ACTIVITY: Only one span is wanted from the lines below: from the one with "ورواه البخاري تعليقا" up to and including the one with "KITCHEN AREA: sink". Copy it exactly, without images.

TASK DATA:
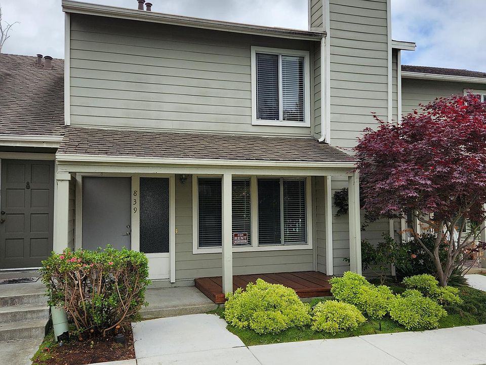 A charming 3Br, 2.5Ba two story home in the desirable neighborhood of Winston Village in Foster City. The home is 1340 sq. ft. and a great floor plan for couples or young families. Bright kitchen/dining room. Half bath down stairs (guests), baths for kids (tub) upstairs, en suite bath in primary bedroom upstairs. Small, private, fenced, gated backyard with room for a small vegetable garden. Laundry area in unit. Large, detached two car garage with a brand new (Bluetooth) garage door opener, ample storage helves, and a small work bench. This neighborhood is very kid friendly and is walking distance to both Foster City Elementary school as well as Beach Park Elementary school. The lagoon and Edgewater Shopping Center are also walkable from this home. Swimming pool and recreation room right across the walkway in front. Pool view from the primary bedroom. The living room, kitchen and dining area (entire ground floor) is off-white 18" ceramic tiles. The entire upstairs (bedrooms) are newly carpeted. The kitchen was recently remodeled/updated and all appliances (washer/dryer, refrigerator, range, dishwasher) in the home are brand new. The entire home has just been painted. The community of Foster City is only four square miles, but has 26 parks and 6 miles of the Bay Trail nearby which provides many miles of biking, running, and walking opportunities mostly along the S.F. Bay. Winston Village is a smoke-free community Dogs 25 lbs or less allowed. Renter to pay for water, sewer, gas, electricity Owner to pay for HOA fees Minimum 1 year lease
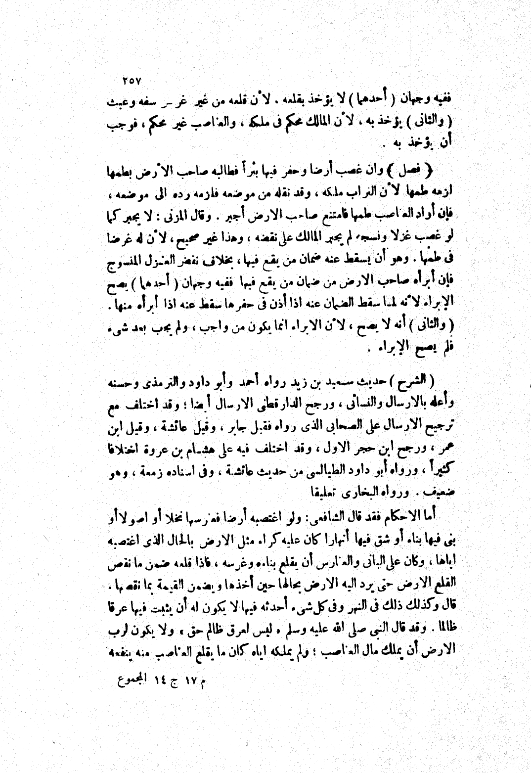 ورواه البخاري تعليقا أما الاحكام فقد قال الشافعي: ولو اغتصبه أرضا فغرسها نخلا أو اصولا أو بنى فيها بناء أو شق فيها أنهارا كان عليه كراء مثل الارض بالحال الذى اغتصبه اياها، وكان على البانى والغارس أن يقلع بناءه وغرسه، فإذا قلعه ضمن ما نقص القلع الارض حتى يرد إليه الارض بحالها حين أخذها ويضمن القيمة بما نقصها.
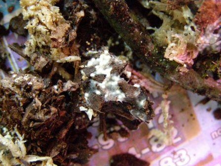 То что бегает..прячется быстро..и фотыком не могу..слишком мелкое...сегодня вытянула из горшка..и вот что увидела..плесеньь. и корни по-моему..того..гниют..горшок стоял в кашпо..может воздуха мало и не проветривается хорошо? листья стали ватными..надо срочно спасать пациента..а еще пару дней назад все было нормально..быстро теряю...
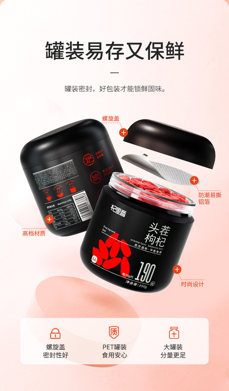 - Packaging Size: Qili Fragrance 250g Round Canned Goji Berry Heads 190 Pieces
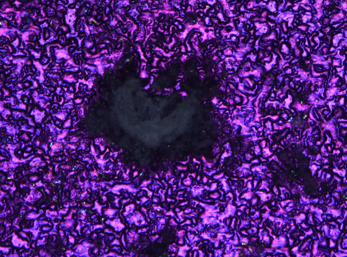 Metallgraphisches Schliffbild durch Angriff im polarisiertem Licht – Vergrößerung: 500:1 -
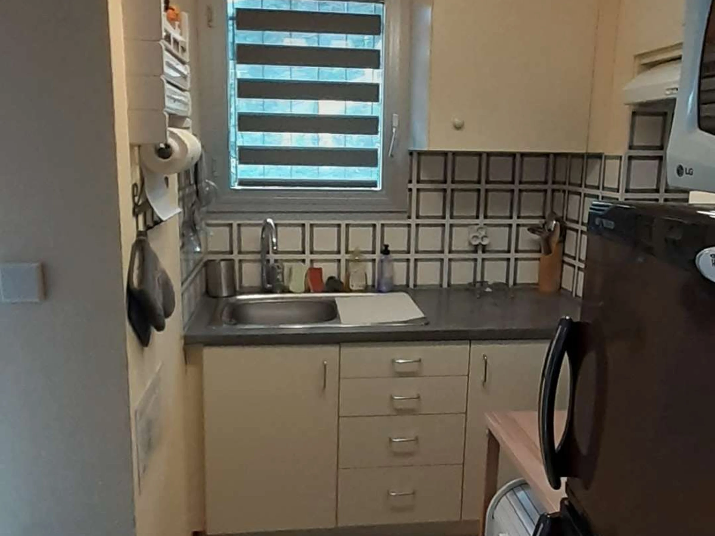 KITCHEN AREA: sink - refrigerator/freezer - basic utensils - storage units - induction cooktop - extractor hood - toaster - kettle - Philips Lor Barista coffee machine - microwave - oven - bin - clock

* * *

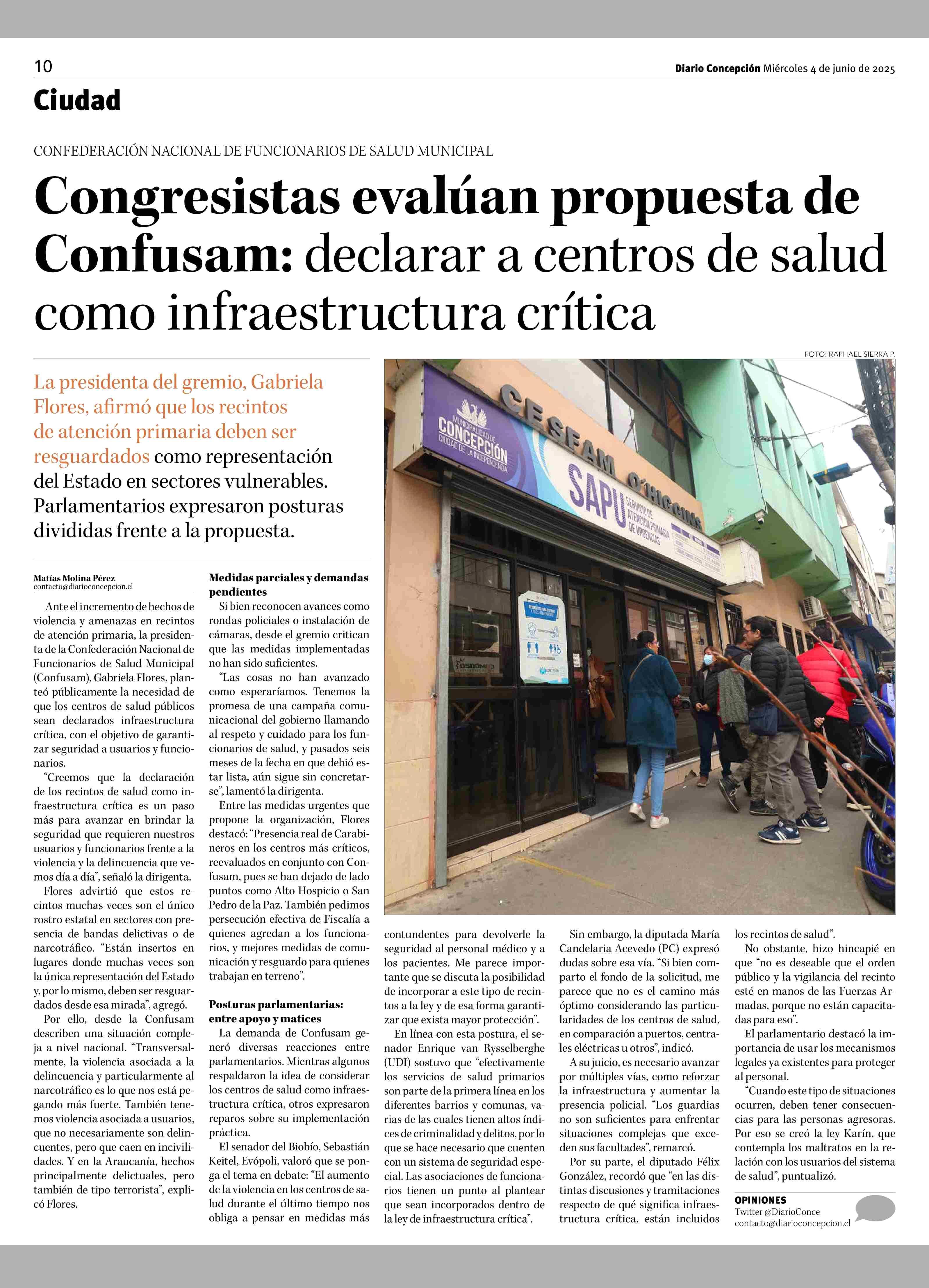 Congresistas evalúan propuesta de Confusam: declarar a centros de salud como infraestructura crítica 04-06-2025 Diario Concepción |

* * *

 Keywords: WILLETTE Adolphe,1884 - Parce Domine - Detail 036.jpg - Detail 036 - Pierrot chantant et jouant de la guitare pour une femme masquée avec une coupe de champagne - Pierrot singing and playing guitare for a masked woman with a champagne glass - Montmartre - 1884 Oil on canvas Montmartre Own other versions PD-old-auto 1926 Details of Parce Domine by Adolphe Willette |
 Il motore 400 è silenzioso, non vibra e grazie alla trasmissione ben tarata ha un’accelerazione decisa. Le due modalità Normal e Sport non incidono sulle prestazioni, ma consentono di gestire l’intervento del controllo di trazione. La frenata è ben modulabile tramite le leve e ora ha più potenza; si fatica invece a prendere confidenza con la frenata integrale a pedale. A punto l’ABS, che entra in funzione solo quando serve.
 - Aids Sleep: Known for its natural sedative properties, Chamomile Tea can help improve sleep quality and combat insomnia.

OUTPUT FOR THIS EXERCISE:
 ورواه البخاري تعليقا أما الاحكام فقد قال الشافعي: ولو اغتصبه أرضا فغرسها نخلا أو اصولا أو بنى فيها بناء أو شق فيها أنهارا كان عليه كراء مثل الارض بالحال الذى اغتصبه اياها، وكان على البانى والغارس أن يقلع بناءه وغرسه، فإذا قلعه ضمن ما نقص القلع الارض حتى يرد إليه الارض بحالها حين أخذها ويضمن القيمة بما نقصها.
 То что бегает..прячется быстро..и фотыком не могу..слишком мелкое...сегодня вытянула из горшка..и вот что увидела..плесеньь. и корни по-моему..того..гниют..горшок стоял в кашпо..может воздуха мало и не проветривается хорошо? листья стали ватными..надо срочно спасать пациента..а еще пару дней назад все было нормально..быстро теряю...
 - Packaging Size: Qili Fragrance 250g Round Canned Goji Berry Heads 190 Pieces
 Metallgraphisches Schliffbild durch Angriff im polarisiertem Licht – Vergrößerung: 500:1 -
 KITCHEN AREA: sink - refrigerator/freezer - basic utensils - storage units - induction cooktop - extractor hood - toaster - kettle - Philips Lor Barista coffee machine - microwave - oven - bin - clock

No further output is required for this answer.